● **What to do**:
From the first line to the last, restate the records word for word, skipping the pictures.

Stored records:
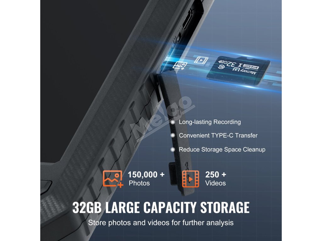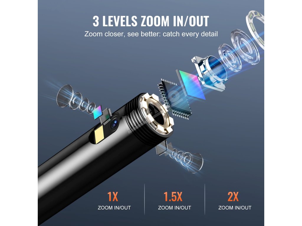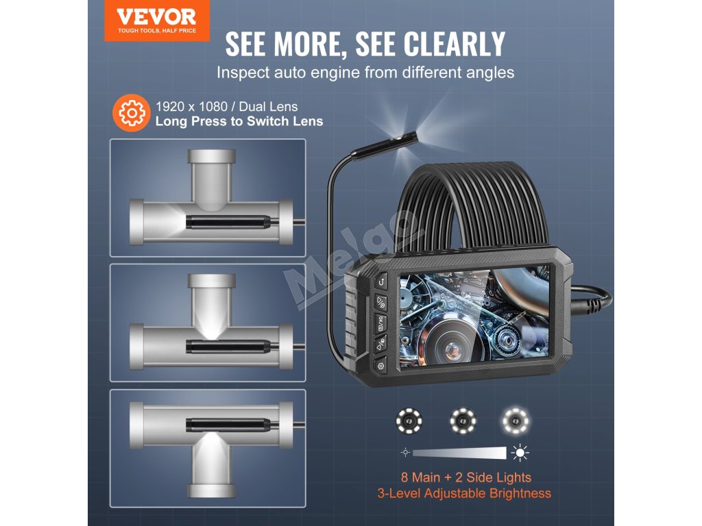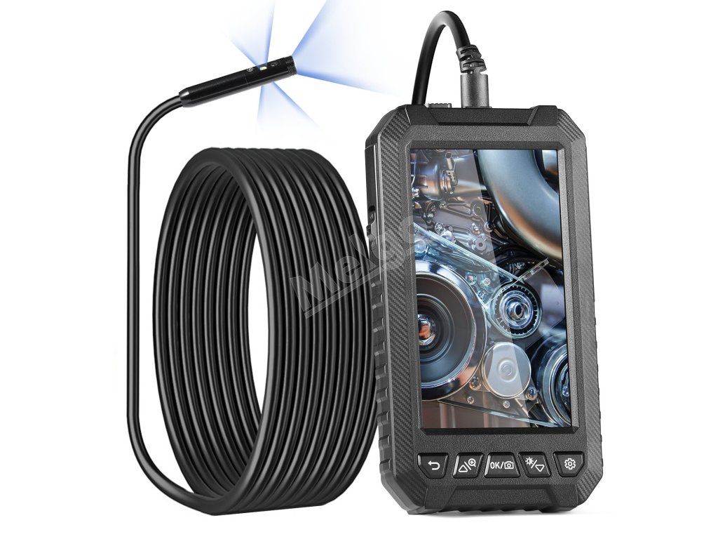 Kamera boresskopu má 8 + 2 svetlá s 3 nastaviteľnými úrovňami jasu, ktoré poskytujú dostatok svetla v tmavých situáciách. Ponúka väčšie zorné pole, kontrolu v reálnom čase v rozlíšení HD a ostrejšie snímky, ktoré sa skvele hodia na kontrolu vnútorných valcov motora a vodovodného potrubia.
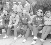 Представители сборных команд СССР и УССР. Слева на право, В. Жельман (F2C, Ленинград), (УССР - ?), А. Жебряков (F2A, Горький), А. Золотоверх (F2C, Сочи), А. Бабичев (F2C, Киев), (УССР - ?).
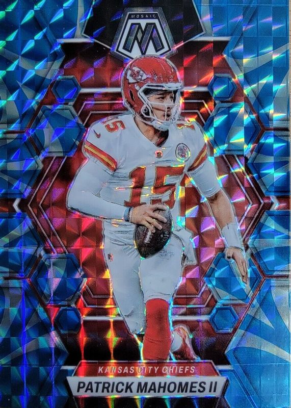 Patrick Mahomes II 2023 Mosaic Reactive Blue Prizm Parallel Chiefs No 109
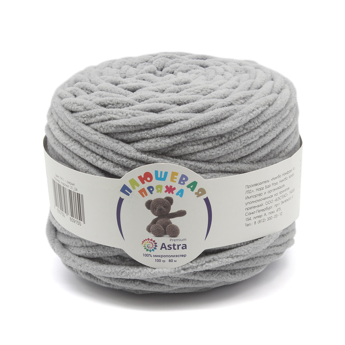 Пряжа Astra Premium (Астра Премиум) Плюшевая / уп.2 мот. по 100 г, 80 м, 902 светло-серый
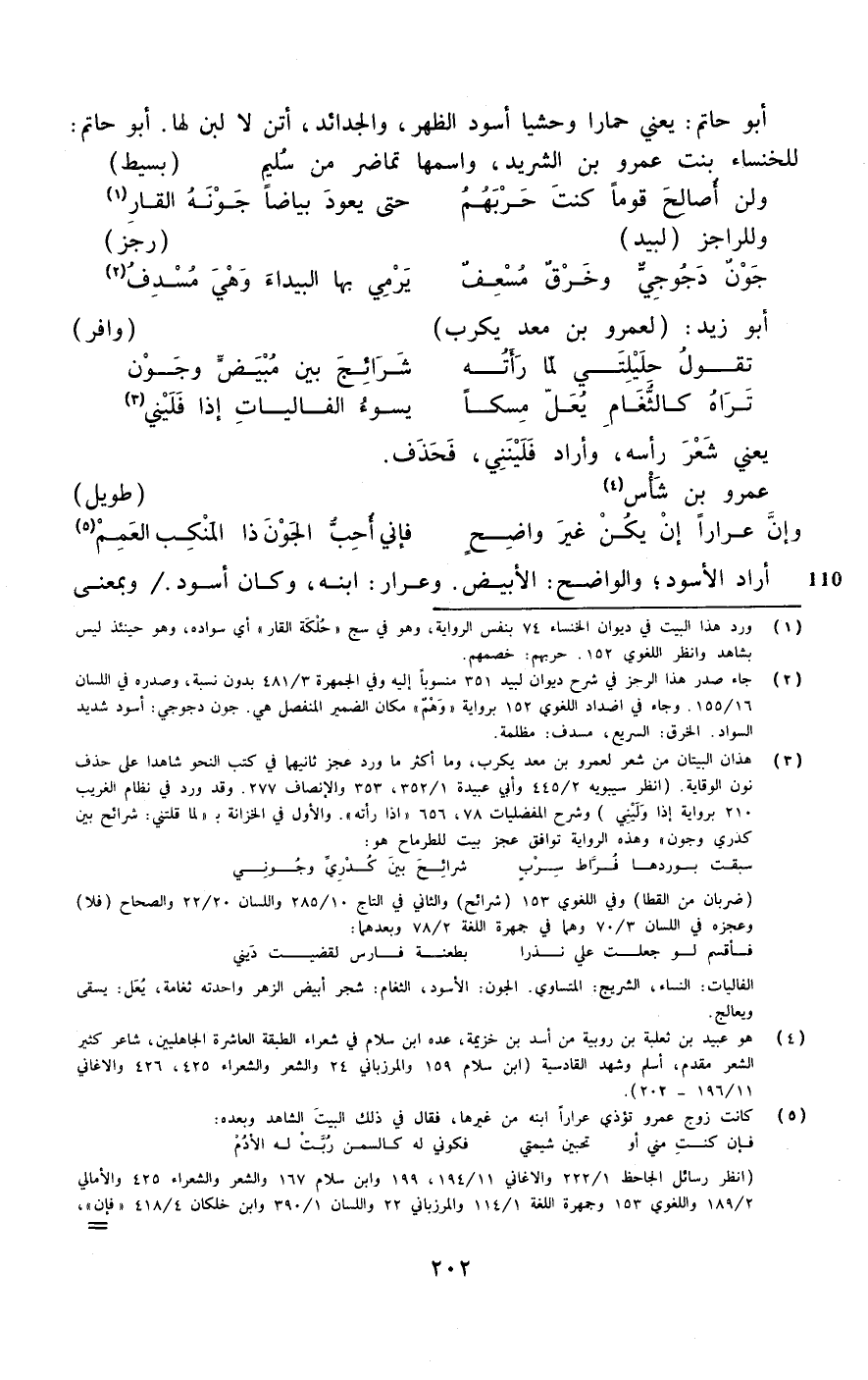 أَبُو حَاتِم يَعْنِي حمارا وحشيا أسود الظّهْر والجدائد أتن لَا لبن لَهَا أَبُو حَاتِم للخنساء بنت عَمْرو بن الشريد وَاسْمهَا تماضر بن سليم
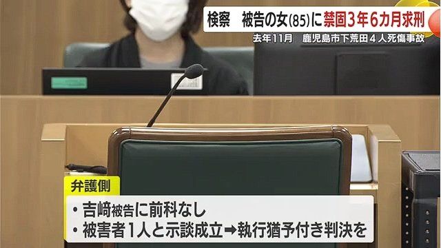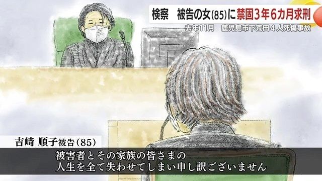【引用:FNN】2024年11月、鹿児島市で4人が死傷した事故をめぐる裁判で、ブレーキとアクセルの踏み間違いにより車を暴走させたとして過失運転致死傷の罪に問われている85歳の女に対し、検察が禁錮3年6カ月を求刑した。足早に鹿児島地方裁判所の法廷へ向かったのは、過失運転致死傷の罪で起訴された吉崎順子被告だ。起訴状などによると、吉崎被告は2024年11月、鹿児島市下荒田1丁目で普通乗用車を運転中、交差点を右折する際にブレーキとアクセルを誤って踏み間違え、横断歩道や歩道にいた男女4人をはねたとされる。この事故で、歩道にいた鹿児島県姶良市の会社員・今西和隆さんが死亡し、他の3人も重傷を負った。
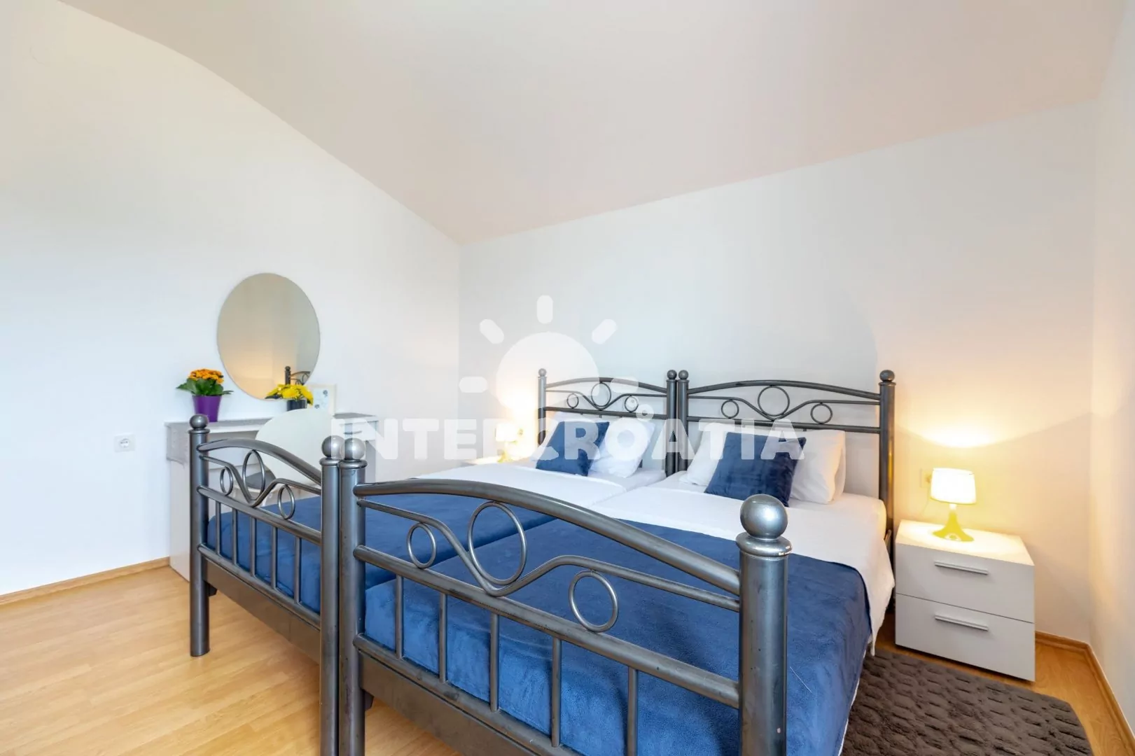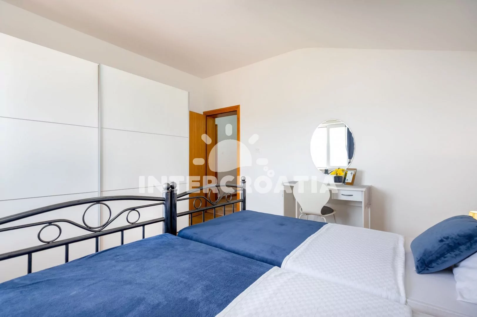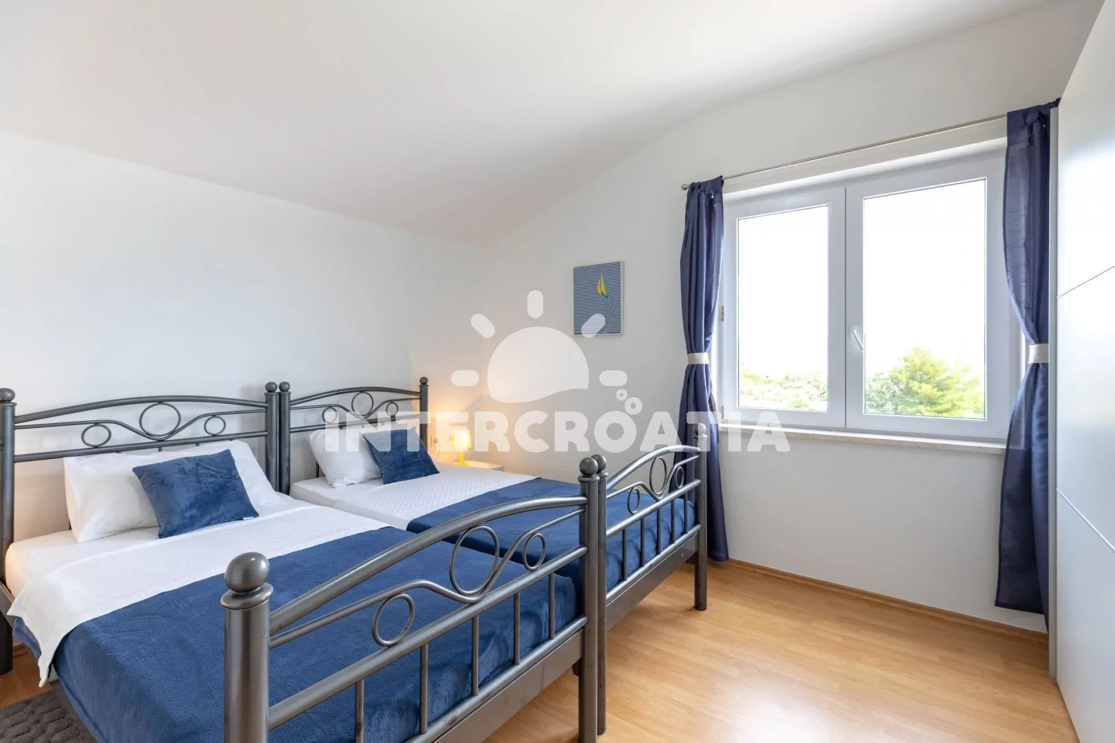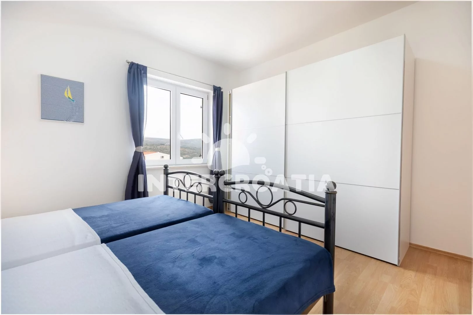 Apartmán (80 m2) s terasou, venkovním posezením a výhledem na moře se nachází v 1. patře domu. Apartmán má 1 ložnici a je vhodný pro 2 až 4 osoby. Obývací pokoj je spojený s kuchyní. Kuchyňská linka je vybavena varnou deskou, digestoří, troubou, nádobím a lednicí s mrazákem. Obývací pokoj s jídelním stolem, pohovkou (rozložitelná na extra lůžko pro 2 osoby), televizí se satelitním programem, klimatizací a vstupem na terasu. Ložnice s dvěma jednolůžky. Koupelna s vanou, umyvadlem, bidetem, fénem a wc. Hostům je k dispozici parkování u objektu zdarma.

● **Output for this exercise**:
 Kamera boresskopu má 8 + 2 svetlá s 3 nastaviteľnými úrovňami jasu, ktoré poskytujú dostatok svetla v tmavých situáciách. Ponúka väčšie zorné pole, kontrolu v reálnom čase v rozlíšení HD a ostrejšie snímky, ktoré sa skvele hodia na kontrolu vnútorných valcov motora a vodovodného potrubia.
 Представители сборных команд СССР и УССР. Слева на право, В. Жельман (F2C, Ленинград), (УССР - ?), А. Жебряков (F2A, Горький), А. Золотоверх (F2C, Сочи), А. Бабичев (F2C, Киев), (УССР - ?).
 Patrick Mahomes II 2023 Mosaic Reactive Blue Prizm Parallel Chiefs No 109
 Пряжа Astra Premium (Астра Премиум) Плюшевая / уп.2 мот. по 100 г, 80 м, 902 светло-серый
 أَبُو حَاتِم يَعْنِي حمارا وحشيا أسود الظّهْر والجدائد أتن لَا لبن لَهَا أَبُو حَاتِم للخنساء بنت عَمْرو بن الشريد وَاسْمهَا تماضر بن سليم
【引用:FNN】2024年11月、鹿児島市で4人が死傷した事故をめぐる裁判で、ブレーキとアクセルの踏み間違いにより車を暴走させたとして過失運転致死傷の罪に問われている85歳の女に対し、検察が禁錮3年6カ月を求刑した。足早に鹿児島地方裁判所の法廷へ向かったのは、過失運転致死傷の罪で起訴された吉崎順子被告だ。起訴状などによると、吉崎被告は2024年11月、鹿児島市下荒田1丁目で普通乗用車を運転中、交差点を右折する際にブレーキとアクセルを誤って踏み間違え、横断歩道や歩道にいた男女4人をはねたとされる。この事故で、歩道にいた鹿児島県姶良市の会社員・今西和隆さんが死亡し、他の3人も重傷を負った。
 Apartmán (80 m2) s terasou, venkovním posezením a výhledem na moře se nachází v 1. patře domu. Apartmán má 1 ložnici a je vhodný pro 2 až 4 osoby. Obývací pokoj je spojený s kuchyní. Kuchyňská linka je vybavena varnou deskou, digestoří, troubou, nádobím a lednicí s mrazákem. Obývací pokoj s jídelním stolem, pohovkou (rozložitelná na extra lůžko pro 2 osoby), televizí se satelitním programem, klimatizací a vstupem na terasu. Ložnice s dvěma jednolůžky. Koupelna s vanou, umyvadlem, bidetem, fénem a wc. Hostům je k dispozici parkování u objektu zdarma.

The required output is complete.